Но нужно помнить, что их благородные образы вызвала к жизни и зарисовала на бумаге непримиримость автора по отношению к себе.
Мать рядом с сыном и вместе с сыном переживает его болезнь. Она не разрешает себе и ему впадать в истерику, она — “человек из другого, взрослого мира”. Больницы, врачи, капельницы — все это составляет неизбывный антураж болезни. Болезнь раздражает еще и тем, что медицинский персонал неквалифицирован или вовсе отсутствует на месте: устали, забыли, а смерть “никого не забывает”. Запустение и гниль отечественных корпусов для тяжелых больных имеет свою подоплеку: зачем спасать тех, кого уже не спасешь? Даже деньги (которых все равно нет) не спасают. Знакомства в сфере медицины тоже могут мало, да их еще нужно и приобрести, эти знакомства. В России болеть в “настоящем продолженном”, в present continious, могут себе позволить очень и очень немногие люди, обладающие какими-то особыми качествами, в том числе и характера. “Не будете уважать старшую [сестру отделения] — вам кирдык”. И ведь это печальная правда. Не убьет, вконец измучив, болезнь — напортачит что-нибудь по мелочи и не со зла медицинская сестра, изможденная невероятными нагрузками и низким до неприличия заработком.

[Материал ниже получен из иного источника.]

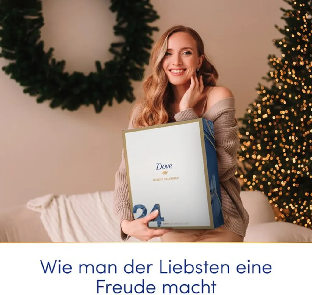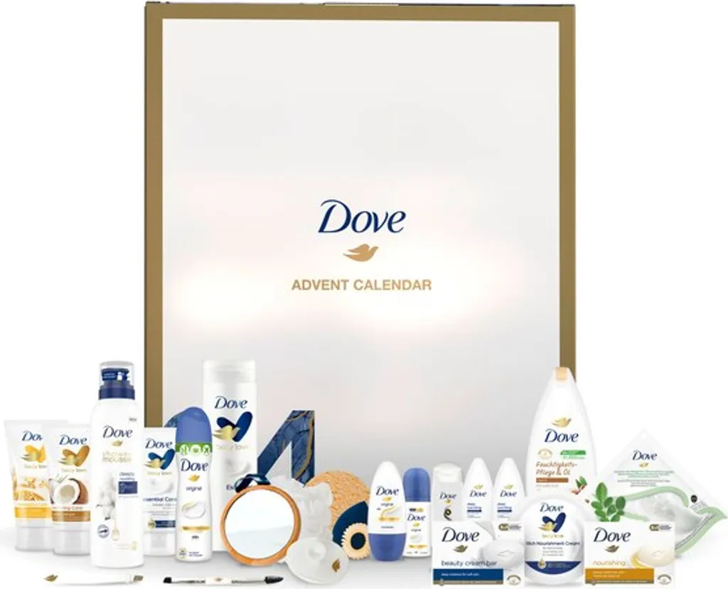 Adventskalender mit 24 Türchen von Dove – vielfältig, hochwertig und mit schönen Überraschungen für Eure Liebste. Weihnachten steht vor der Tür. Was gibt es da Besseres, als ein Adventskalender, um die Liebsten in Weihnachtsstimmung zu bringen? Dieser Dove Adventskalender für Frauen enthält 16 qualitative Dove Produkte und 8 Pflege-Accessoires, die Freude während der Adventszeit bringen. Von Dove gibt es im Pflegeset zwei Pflege-Duschgele der beliebten Variante Reichhaltige Pflege (je 55 ml), ein Duschgel Pflege & Öl (250 ml), sowie ein Duschschaum (200 ml). Für die Pflege der Haare gibt es einen Dove Conditioner (50 ml). Für die Reinigung und Pflege der Hände gibt es zwei Dove Seitenstücke der Variante beauty cream bar und cream oil (je 90 g), sowie drei pflegende Handcremes (je 75 ml) in verschiedenen Varianten. Zudem gibt es eine Dove Body Milk Reichhaltige Pflege (250 ml) und eine Dove Creme Reichhaltige Pflege (75 ml) für den Körper. Für den täglichen Schutz gibt es in praktischer Größe für unterwegs zwei Dove Deo-Spray Original (35 ml & 75ml), sowie ein Roll-On Original (50 ml). Für die Gesichtspflege erwartet Sie eine Dove Gesichtsmaske. Zudem enthält der Adventskalender acht praktische Pflege-Accessoires als Geschenke für Frauen: einen Pouf-Badeschwamm, eine Pinzette, einen Haarring, einen Gesichtsreiniger, einen Duschschwamm, eine Augenbrauenbürste, einen Hand-Bambusspiegel und einen Beauty-Blender.

Автору это все знакомо досконально еще и потому, что у него самого медицинское образование. И новые симптомы он встречает с обреченностью знающего. По учебникам, по практике. А теперь и по личному опыту. Жутко читать эти страницы. Анатомически бесстрастные, хотя и фиксирующие эмоции: “А мне щас палец покажи, и я заплачу”.
В монотонное переживание болезни вкрапляются воспоминания, заново пугающие своей сияющей чистотой. Когда ничего не было. Когда человек жил почти в раю, только не знал об этом. Когда болезнь еще не коснулась, не внедрилась, не вторглась бесцеремонно. Солнечные картины летнего пляжа в Испании, дайвинга, мечты о большой машине, иногда — с предчувствием наступающего неотвратимо, иногда без всякого предчувствия, что бьет едва ли не метче. Школьная любовь — тоже жестко: влюбился в одноклассницу, оказавшуюся малолетней шлюшкой.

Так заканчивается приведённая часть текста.